Task to carry out:
I need the lines below from the one with "and family members." down to the one with "本日は,私が所属しております" reproduced exactly, both ends included, and nothing else.

Stored items from a collection
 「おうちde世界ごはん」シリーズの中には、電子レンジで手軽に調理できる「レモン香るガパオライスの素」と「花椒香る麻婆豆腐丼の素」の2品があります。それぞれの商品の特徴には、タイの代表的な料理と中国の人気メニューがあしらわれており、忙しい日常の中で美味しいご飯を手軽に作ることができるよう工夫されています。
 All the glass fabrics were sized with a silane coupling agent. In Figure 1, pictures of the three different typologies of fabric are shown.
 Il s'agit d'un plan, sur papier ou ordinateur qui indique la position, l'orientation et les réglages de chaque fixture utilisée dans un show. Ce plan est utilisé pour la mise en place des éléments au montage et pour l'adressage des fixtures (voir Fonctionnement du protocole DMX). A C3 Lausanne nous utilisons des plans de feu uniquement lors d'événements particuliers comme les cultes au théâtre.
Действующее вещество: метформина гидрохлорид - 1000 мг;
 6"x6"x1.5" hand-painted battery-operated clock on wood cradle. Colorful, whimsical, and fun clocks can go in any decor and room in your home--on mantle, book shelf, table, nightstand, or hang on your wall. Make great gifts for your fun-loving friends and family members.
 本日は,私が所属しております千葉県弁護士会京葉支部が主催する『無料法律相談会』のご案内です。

* * *

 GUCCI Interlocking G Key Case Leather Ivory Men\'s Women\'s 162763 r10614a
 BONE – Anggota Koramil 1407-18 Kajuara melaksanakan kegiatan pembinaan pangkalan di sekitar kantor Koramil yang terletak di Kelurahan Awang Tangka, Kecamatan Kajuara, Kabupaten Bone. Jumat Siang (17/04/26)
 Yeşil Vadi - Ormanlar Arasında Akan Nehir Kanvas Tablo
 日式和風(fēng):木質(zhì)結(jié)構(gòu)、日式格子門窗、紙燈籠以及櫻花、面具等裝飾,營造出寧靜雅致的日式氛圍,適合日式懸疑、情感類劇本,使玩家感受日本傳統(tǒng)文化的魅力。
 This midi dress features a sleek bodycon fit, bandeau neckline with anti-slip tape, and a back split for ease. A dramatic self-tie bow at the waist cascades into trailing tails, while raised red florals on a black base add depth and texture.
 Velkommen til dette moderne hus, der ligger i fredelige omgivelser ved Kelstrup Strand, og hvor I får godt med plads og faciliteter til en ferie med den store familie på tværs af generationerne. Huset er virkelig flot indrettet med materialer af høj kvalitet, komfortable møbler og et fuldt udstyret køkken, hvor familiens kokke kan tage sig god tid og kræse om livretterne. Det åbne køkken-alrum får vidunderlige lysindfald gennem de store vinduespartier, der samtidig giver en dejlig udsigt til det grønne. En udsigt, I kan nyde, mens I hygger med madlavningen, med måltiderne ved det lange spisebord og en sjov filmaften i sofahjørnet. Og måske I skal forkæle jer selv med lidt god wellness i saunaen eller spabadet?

Task response:
 6"x6"x1.5" hand-painted battery-operated clock on wood cradle. Colorful, whimsical, and fun clocks can go in any decor and room in your home--on mantle, book shelf, table, nightstand, or hang on your wall. Make great gifts for your fun-loving friends and family members.
 本日は,私が所属しております千葉県弁護士会京葉支部が主催する『無料法律相談会』のご案内です。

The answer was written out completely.